Cooper EA, Edelman JJ, Black D, Brereton RJ, Ross DE, Bannon PG, Wilson MK, Vallely MP
Heart Lung Circ 2013 Dec;22(12):989-95
BACKGROUND: Elderly patients undergoing surgical revascularisation may disproportionately benefit from avoiding manipulation of the ascending aorta and cardiopulmonary bypass. In this multi-centre observational study, we sought to determine the 30-day outcomes of anaortic off-pump coronary artery bypass (OPCAB) in an elderly and very-elderly population.
METHODS: Data were prospectively collected for all patients aged >70 years old (y) undergoing anaortic OPCAB at three hospitals between January 2002 and October 2011. Analysis was carried out on two age sub-groups (70-79 y vs. ≥80 y). Multiple logistic regression was used to identify predictors of post-operative 30-day mortality.

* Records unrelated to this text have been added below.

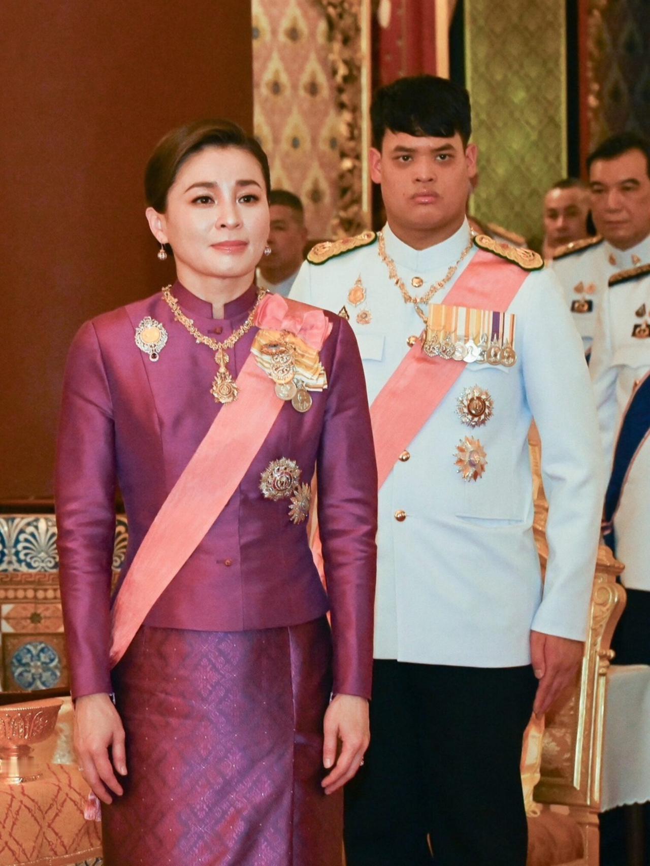 欧拉弄换上正宫红礼服,跟苏提达同框比美 在泰国王室最新公务照中,欧拉弄一改往日军装形象,以大红色礼服惊艳亮相,与苏提达王后同框比美。她近年受泰王偏爱,地位攀升,此次换装更显其野心与受宠程度。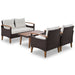 4 Piece Garden Furniture, Patio Seating Set, Outdoor Sofa Set, Wood Table And Legs - Brown / Beige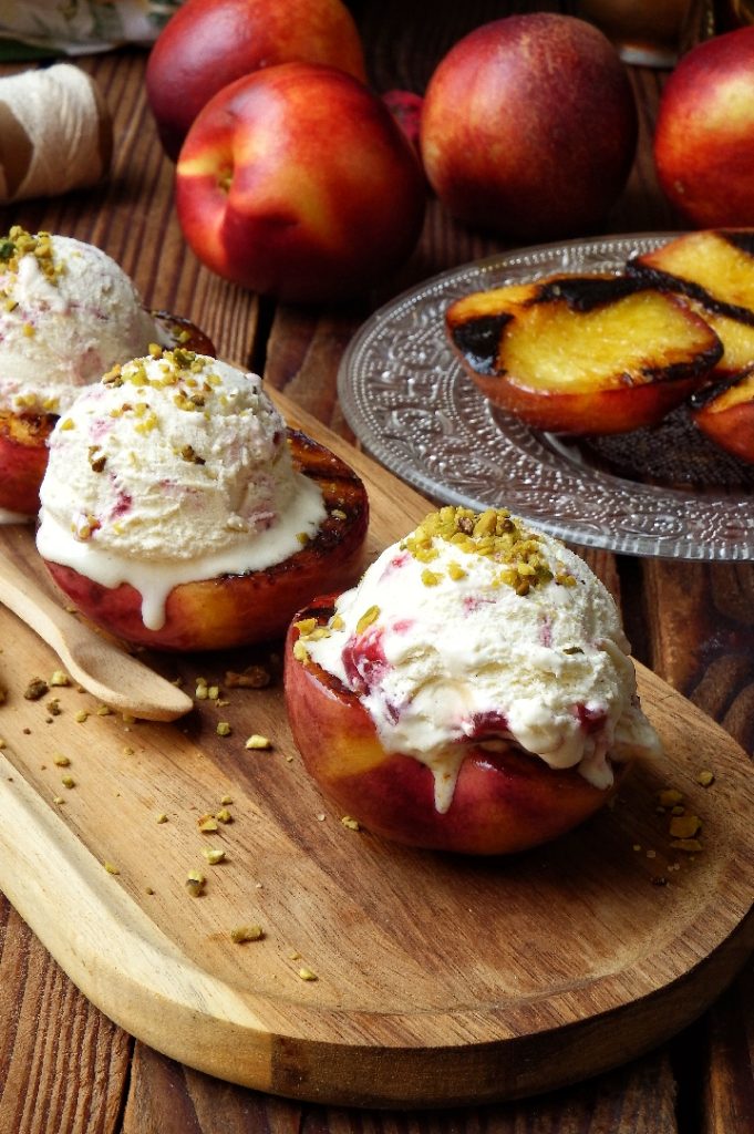 Die gegrillten Pfirsiche mit Eis sind ein sehr schnelles Sommerdessert, perfekt, um es nach dem Abendessen an warmen Sommerabenden zu servieren.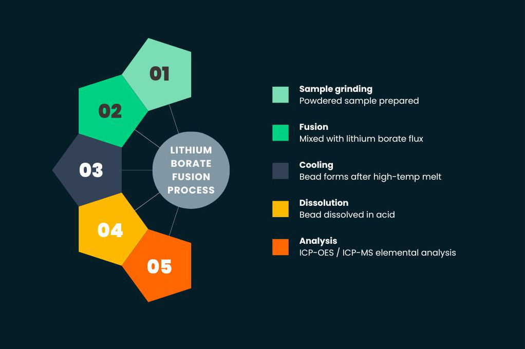 Lithium borate fusion is a high-temperature sample preparation technique used to dissolve geological materials into a homogeneous solution, suitable for analysis by either ICP-OES (inductively coupled plasma optical emission spectrometry) or ICP-MS (mass spectrometry). It is widely used when conventional acid digestion is not sufficient to break down the sample matrix, especially for geological rock and process samples with complex silicate structures.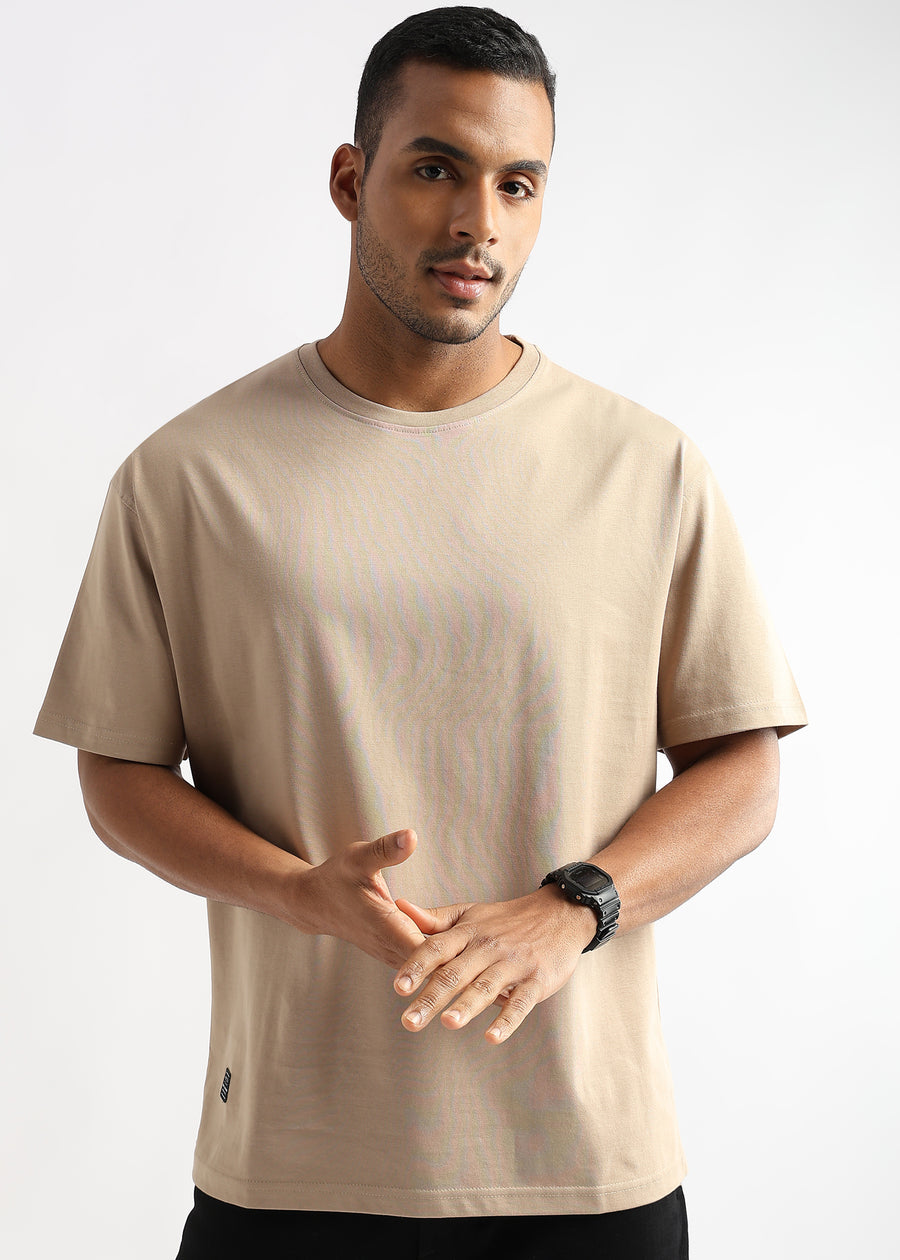 Irish Cream Solid Oversized T-Shirt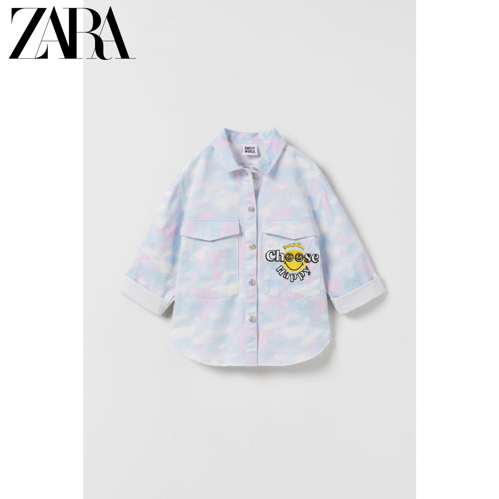 ZARA discount season children's clothing girls SMILEYWORLD® printed shirt jacket 8574631 044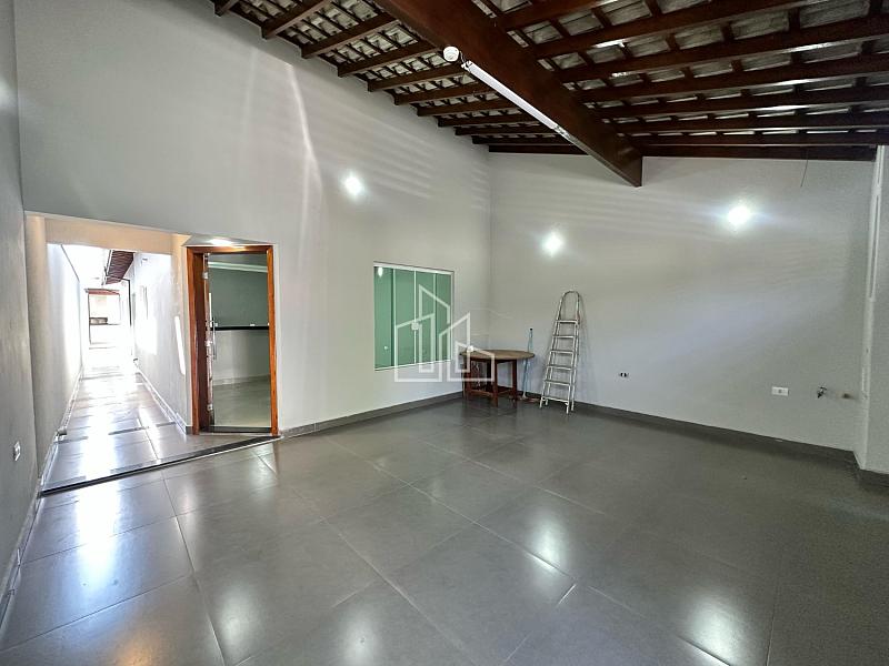 Casa ampla com garagem coberta para dois carros, quintal nos fundo com área gourmet com banheiro.
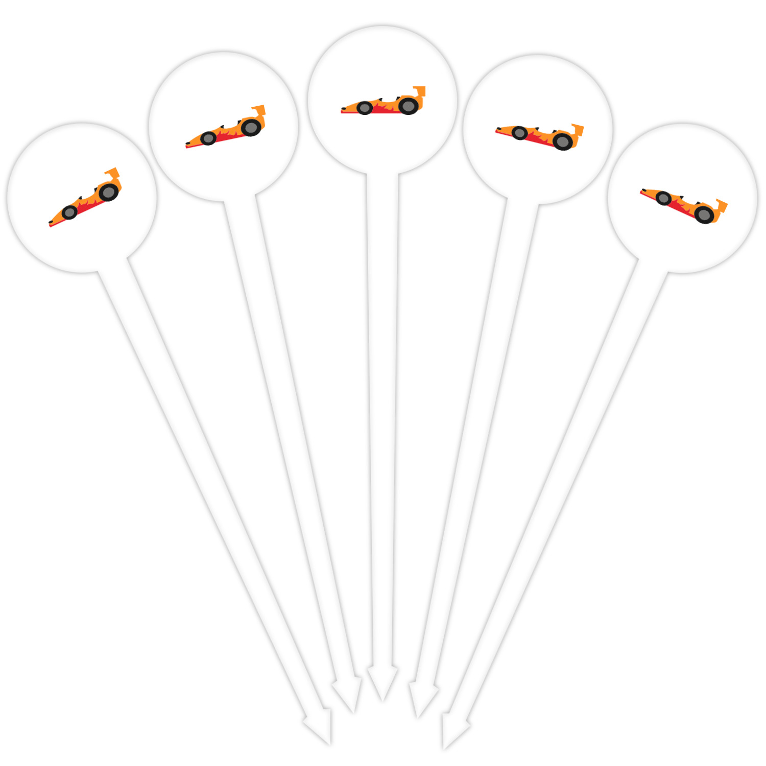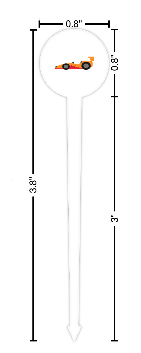 Race Car Designs for 4" Round Plastic Food Picks - White - Single-Sided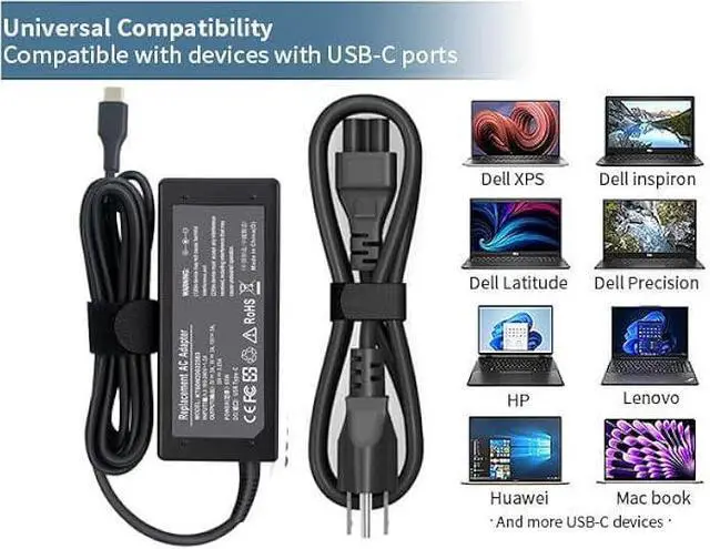 Efficient & Fast Charging: We have tested charging from 0% to 60% in 40 minutes and 60% to 100% in 80 minutes; 65W USB-C Laptop Charger, Universal Compatible with All USB-C Laptops Works seamlessly with Dell, HP Chromebook, Lenovo ThinkPad; 11FT Extra-Long Cable for Flexible Use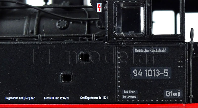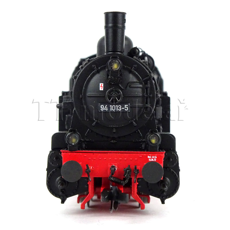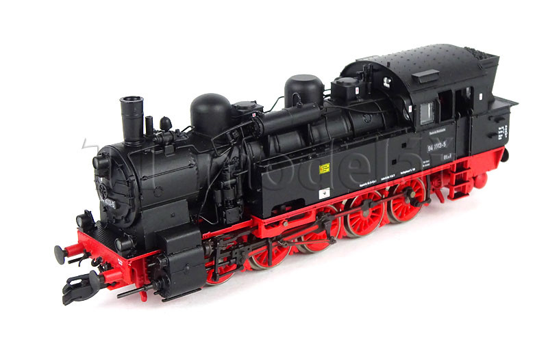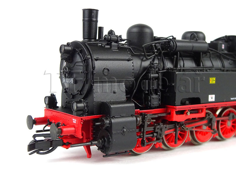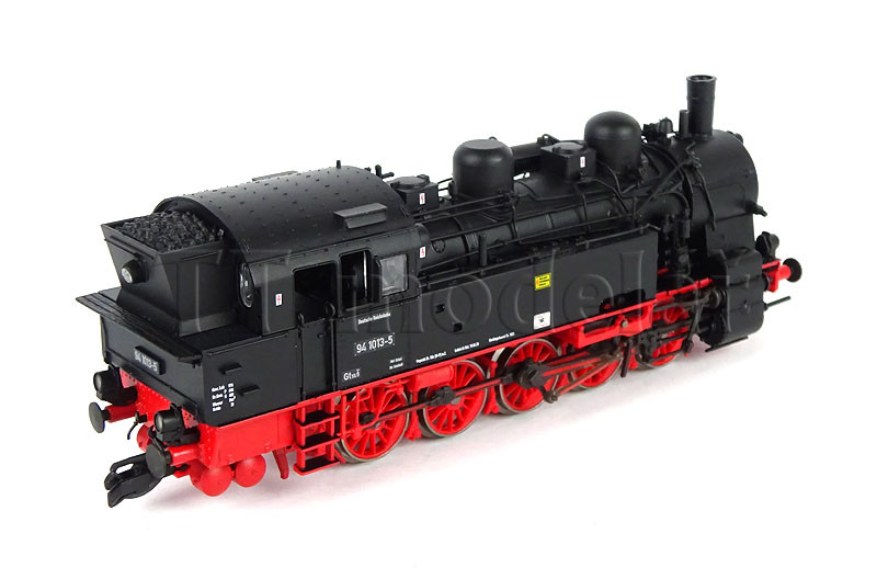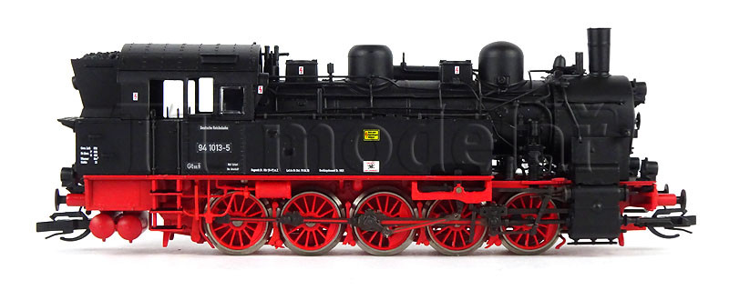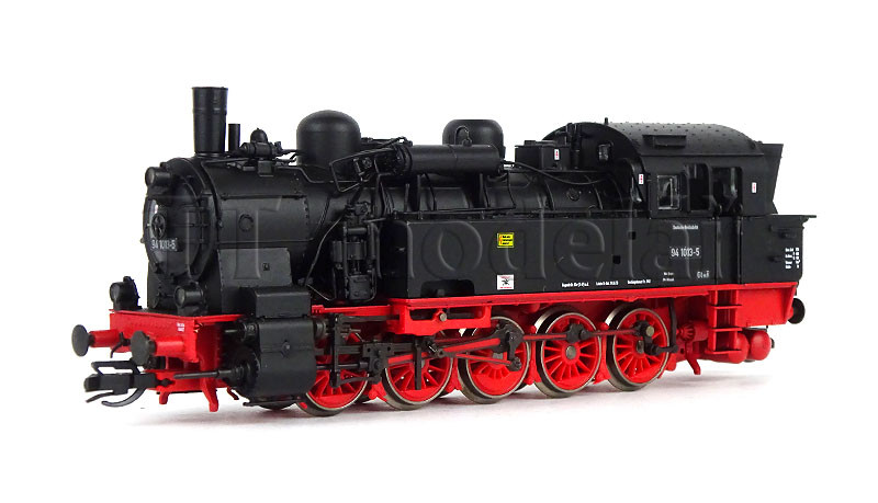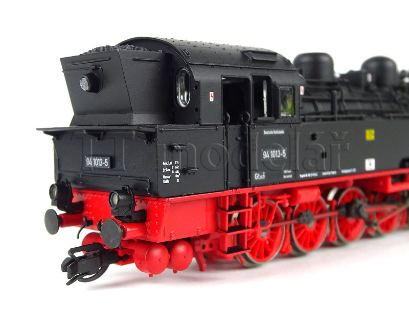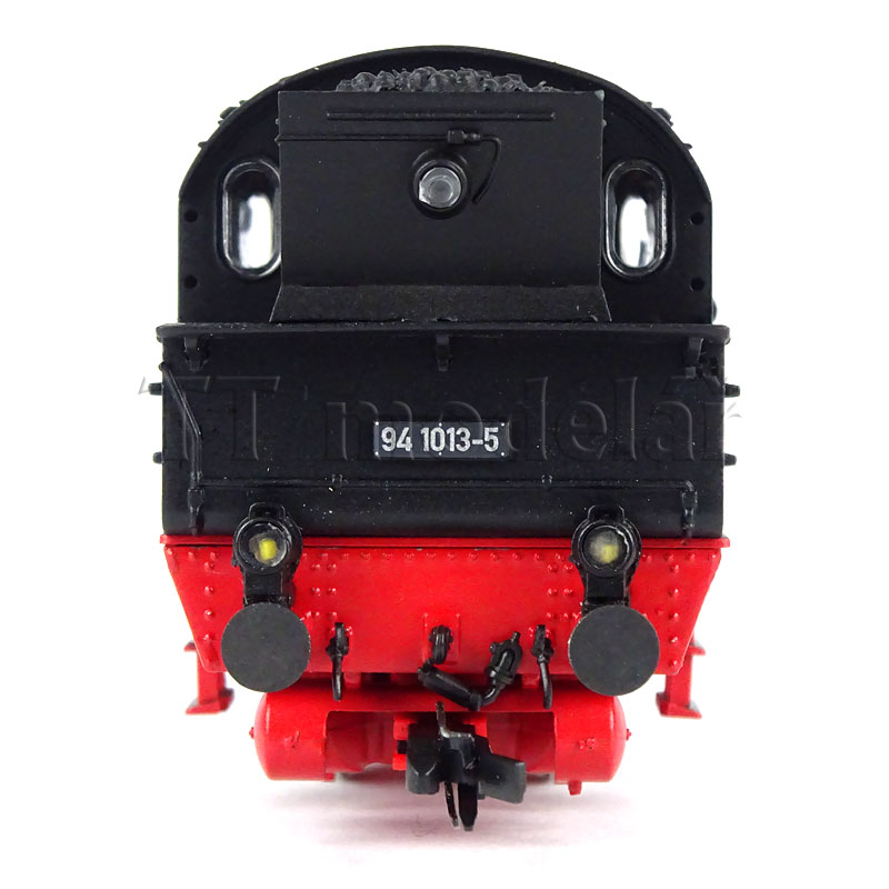 Lokomotiva řady 94.5 DR se svařovanými vanami na vodu, Riggenbachovou brzdou, kulatou střechou budky a zvýšeným tendrem.

RESULTS: In total, 1135 patients >70 years underwent anaortic OPCAB – 817 (72%) patients were aged 70-79 y while 318 (28%) were aged ≥80 y. The rate of mortality and morbidity for both groups was low: 30-day mortality (70-79 y: 1.8%; ≥80 y: 2.8%) or permanent stroke (70-79 y: 0.2%; ≥80 y: 0.9%). Chronic lung disease, a history of previous myocardial infarction and left main disease were independent predictors of 30-day mortality.
CONCLUSIONS: OPCAB is associated with low rates of 30-day mortality and peri-operative stroke in this elderly and very elderly patient cohort. Anaortic OPCAB can provide excellent short-term post-operative outcomes and may give the elderly and very elderly population the opportunity to benefit from surgical coronary revascularisation.